I want to share this with you, because I’d like to help destigmatize mental health issues and especially postpartum mood disorders. More people suffer from postpartum depression than you think - it’s actually more common than having a stroke. While this is only my experience, there are so many others with their own story.
I feel most fulfilled when I am pouring into others. While I can be abrasive and sometimes blunt, I have a pretty soft heart. I’m also an incredibly stubborn person, and I don’t like to ask for help. Well no - more than that, I don’t like the vulnerability of asking for help.
I’ve walked alongside friends who have struggled with postpartum depression. It’s been one of the hardest things to watch someone fight against their own mind and stand by helpless to ease their frustration. I just wanted to fight that battle with them, for them.
Well, now I am fighting alongside them. It’s the sisterhood I never wanted to join.
I have lived with anxiety since I can remember. Of course, I didn’t realize it was anxiety at the time. Not until I was in college did I start to piece together the threads of my fragile mental state.

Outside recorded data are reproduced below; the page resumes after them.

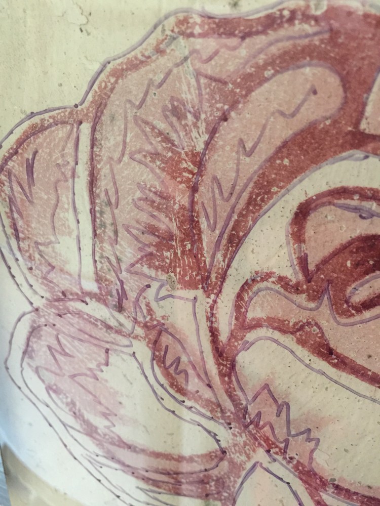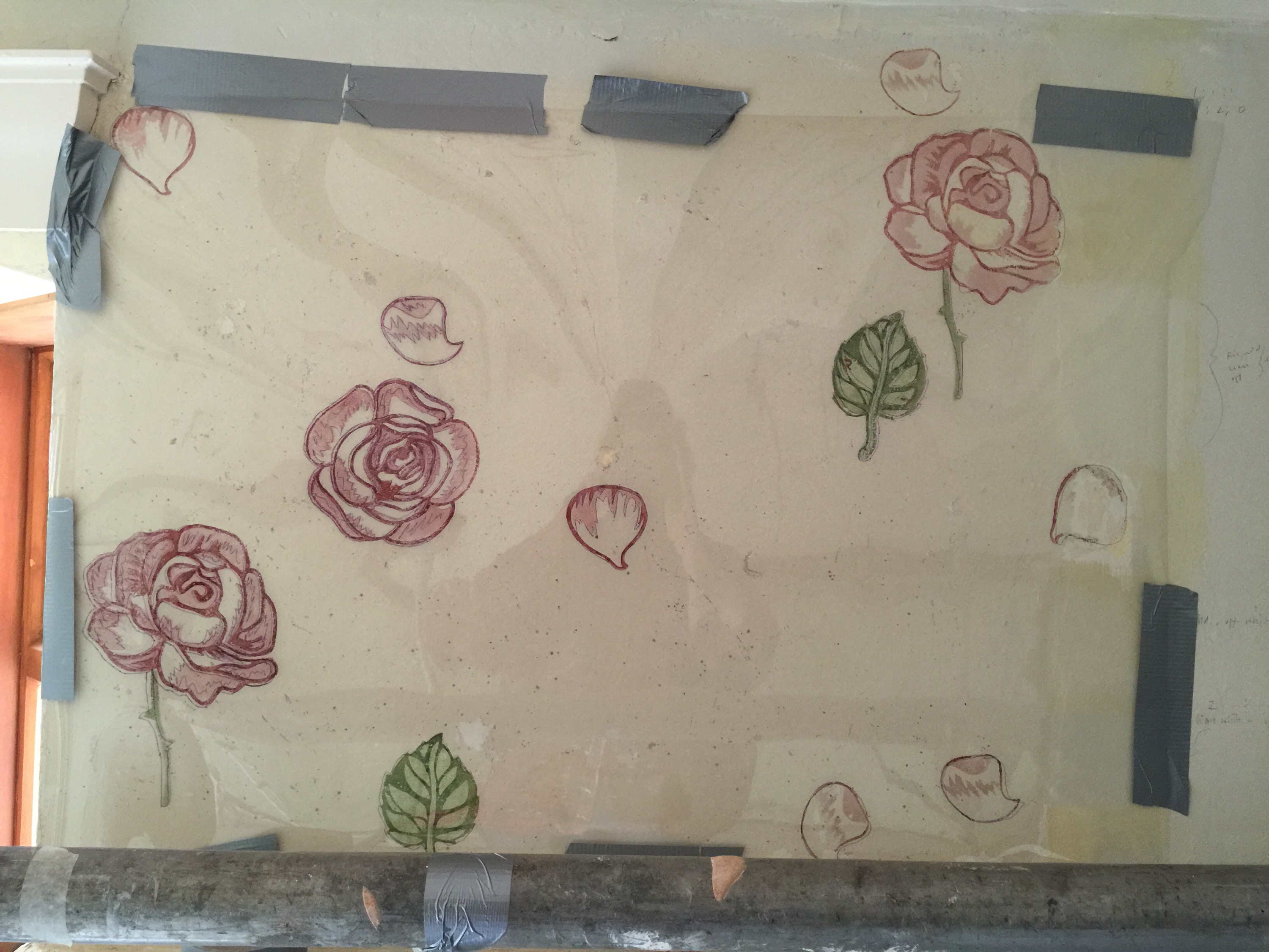 While being refurbished some design schemes were found on the walls in some of the rooms. some in very good state just needing some touching up and some almost destroyed in great need to be recreated. The photographs here come from the original drawing room which featured a scheme of flowered designs.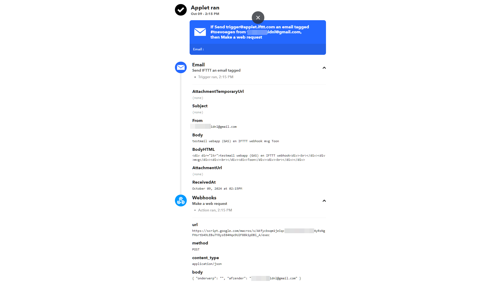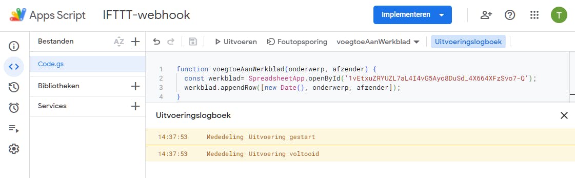 De IFTTT-applet werd getriggerd en zet via de webhook ons script in werking.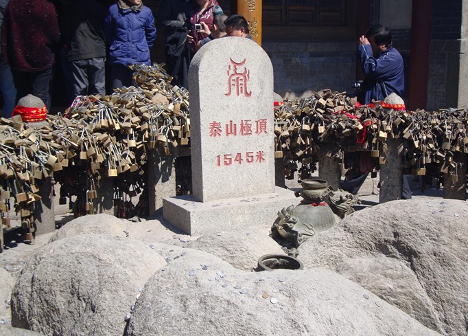 玉皇頂舊稱“太平頂”,也叫做“玉皇頂”,這里是泰山絕頂,是歷帝王登高封禪的地方。玉皇廟建于泰山的極頂,為泰山地勢(shì)最高的建造物,由山門、玉皇殿、迎旭亭、望河亭和東西禪房組成。主殿供奉玉皇大帝銅像,廟院中央有塊極頂石,極頂石上有通石碑,上刻著“泰山極頂”和“1545米”兩行字(實(shí)際高度1532.7米,國家測繪局二〇〇七年四月二十七日公布的數(shù)據(jù))。氣勢(shì)雄偉,拔地而起,有“天下第一山峰”之美譽(yù)。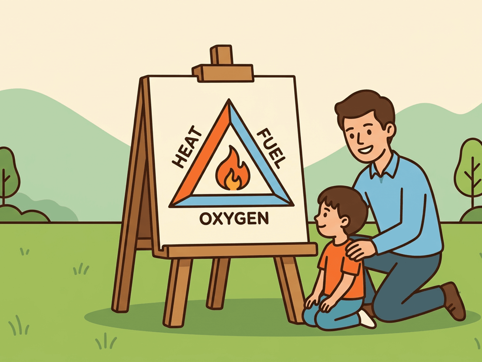 Fires need three things at once: heat, fuel, and oxygen. Friction kits add heat by rubbing wood; dry fuel catches when it reaches its ignition temperature; oxygen from the air feeds combustion. The ideas are real science—explained here in plain language—and every experiment belongs outdoors with an adult.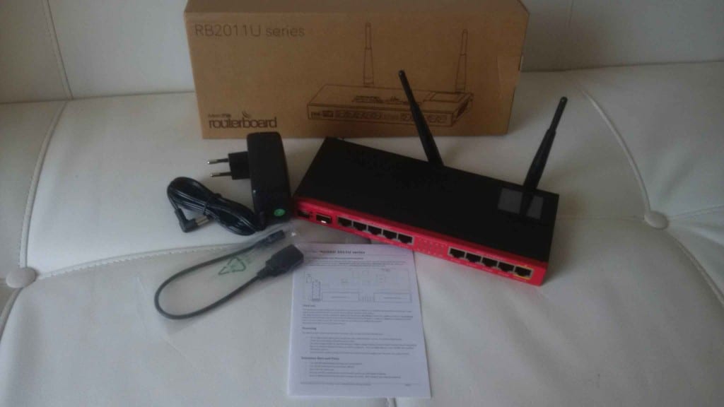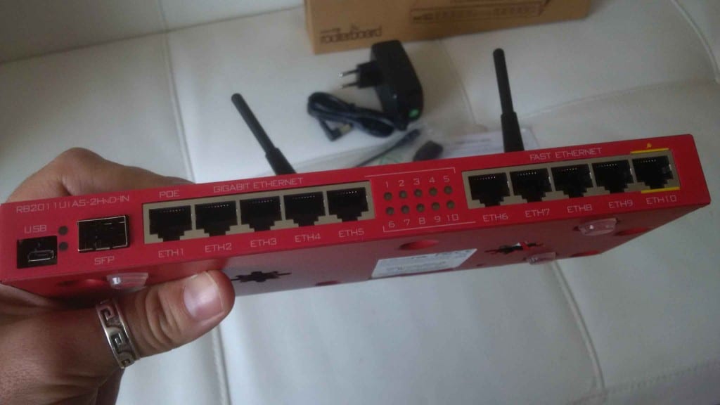 Así que harto de esto, me propuse jubilarlo anticipadamente. Y gracias a la experiencia de algún compañero, me decidí por un Router Mikrotik, el RB2011UiAS-2HnD-IN, que incorpora entre múltiples cosas, 10 puertos ethernet (5Gigabits y 5FastEthernet), wifi N, puerto de fibra y el todopoderoso RouterOS, un sistema operativo especial para este tipo de equipos que abre todo un mundo de posibilidades.

At 10, I developed an unhealthy fear of germs. This led to an obsessive handwashing routine - if I touched anything but myself, I had to stop and wash my hands - with Dial soap, in hot water. It made it difficult to bake, which I enjoyed. Scoop flour, wash hands. Crack egg, wash hands. Put the pan in the oven, wash hands.
Frightened, I watched as the skin cracked and split from the harsh soap and scalding water. Each night I scratched my hands furiously in my sleep, waking up to dried blood on my sheets, my face, under my nails. My mother began to cover my hands in vaseline, plastic bags, and then socks at bedtime. Eventually, my anxiety subsided and I stopped washing my hands so frequently. Obsessive-compulsive behaviors also have a link to anxiety, and kids can show their anxiety in unique ways.
After college, I got my first job in the big city. My walk to the office led me over a river, and every crossing left me queasy. Against my will, I envisioned myself jumping off the bridge into the cold water 20 feet below. I didn’t want to die - I was repulsed by these thoughts, not seduced by them. I was horrified and told no one that my mind was committing self-sabotage.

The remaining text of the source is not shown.